Our work, modular New York style buildings were done for a client, who was developing a VR-based project - Private Eye VR. The task was to create a building set for a 1930's themed New York. In the game, the buildings would be seen from outside of the window, as the player was located inside all the time. A set of buildings was needed to fulfill the view. For this, the modular was the best approach for the design. There are many challenges to making buildings in 3D, so the first step was to study references for downtown New York buildings. After this, we can identify the distinctive blocks that make up the architecture and plan out the parts that will be needed.

The workflow

 There are two types of parts here: baked parts with the unique mesh and tiled material parts. Baked parts would be re-used for all of the buildings, these parts that have a lot of unique details, that cannot be tiled, like doors, windows or concrete decorations and require high-poly to low-poly bake workflow (in this case Substance Painter work) 

When splitting the building into vertical slices, you can see the mesh pieces needed to construct the building, in this case, there are 6 parts for the front facade. We place the baked pieces into the modular tile-able wall and arrange them to make a believable design.

Now it's a good idea to use the array tool in the 3D package (we are using Blender 3D) to copy the parts in a horizontal direction, to see the design come together. When creating modular buildings like these, it is possible to create many different looking variations from the same parts in a short amount of time. Changing the materials for walls, or simple changes, like different window shapes, go a long way in keeping things looking non-repetitive.

After this part, all that's left to do is to make the other walls on the sides and back. Additional props were added to break up the monotony, like fire-escape stairs, neon signs flag, and so on.


For the presentation, we are using the Marmoset 3D renderer. In this software, it's possible to create high-quality screenshots and videos using real-time workflow, meaning that we don't have to change textures or meshes for the render. There are also some nice visual effects, like real-time global illumination and area lights that would be more time-consuming to replicate in Unity or Unreal

Some additional street props were placed in the scene to make it feel as this was a part of the city, not just stand-alone building.

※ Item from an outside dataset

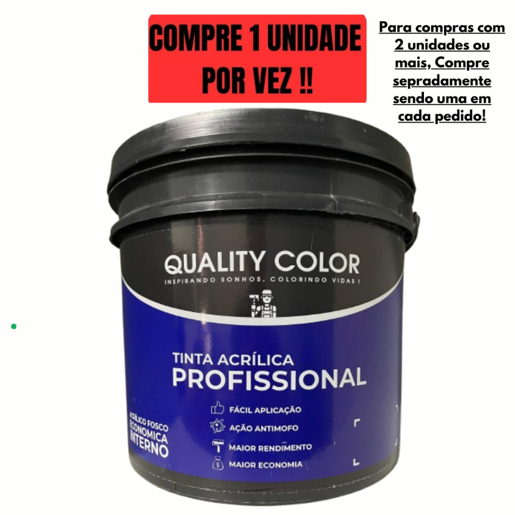 !!!!!!ATENÇÃO COMPRE APENAS UM BALDE POR PEDIDO!!!!!! !!!!!!ATENÇÃO COMPRE APENAS UM BALDE POR PEDIDO!!!!!! !!!!!!ATENÇÃO COMPRE APENAS UM BALDE POR PEDIDO!!!!!! !!!!!!ATENÇÃO COMPRE APENAS UM BALDE POR PEDIDO!!!!!! !!!!!!ATENÇÃO COMPRE APENAS UM BALDE POR PEDIDO!!!!!! !!!!!!ATENÇÃO COMPRE APENAS UM BALDE POR PEDIDO!!!!!! !!!!!!ATENÇÃO COMPRE APENAS UM BALDE POR PEDIDO!!!!!! "TINTA ACRÍLICAPROFISSIONAL FOSCO A Tinta Acrílica Profissional Fosco é um produto de excelente cobertura, baixo respingo, alta resistência à intempéries e ótimo alastramento. CORES : 38 cores atuais RENDIMENTO: Balde 20 KG Mín. 80m². acabado Galão 4 KG Mín. 16m². acabado Sendo de 2 a 3 demãos para o resultado informado acima. NORMAS TÉCNICAS: Classificado conforme ABNT NBR 11702:2019 Tipo 4.5.2 (fosco). Produto em conformidade com a ABNT NBR 15079-1 (fosco). CORES 38 cores atuais

Lighting played a big role in this presentation. There's a single directional light in the scene, meant to replicate moonlight; this gives some focus to the front facade and helps showcase the details in the architecture. Additionally, there are a couple of smaller, local lights - spotlights for the streetlights and some point lights for the neon lighting. Volumetric fog gives some softness and a ‘rainy’, overcast look. The lighting setup for both renders is similar, but the second one is a little darker and some emissive lights for the windows were added - this was done to mix up the feel of the scene.


 Good advice for making such buildings would be to study reference and carefully plan out the baked mesh needed parts before starting to model the building itself. This is somewhat difficult because you have to model things without seeing the full picture/finished building, but it saves a lot of time later on.

It's also important to avoid repetition in the building floor patterns by adding some decorations, and changing up the shapes, a little bit. 

Another good idea is to use tri-planar mapping for tileable materials, to avoid visible texture seams.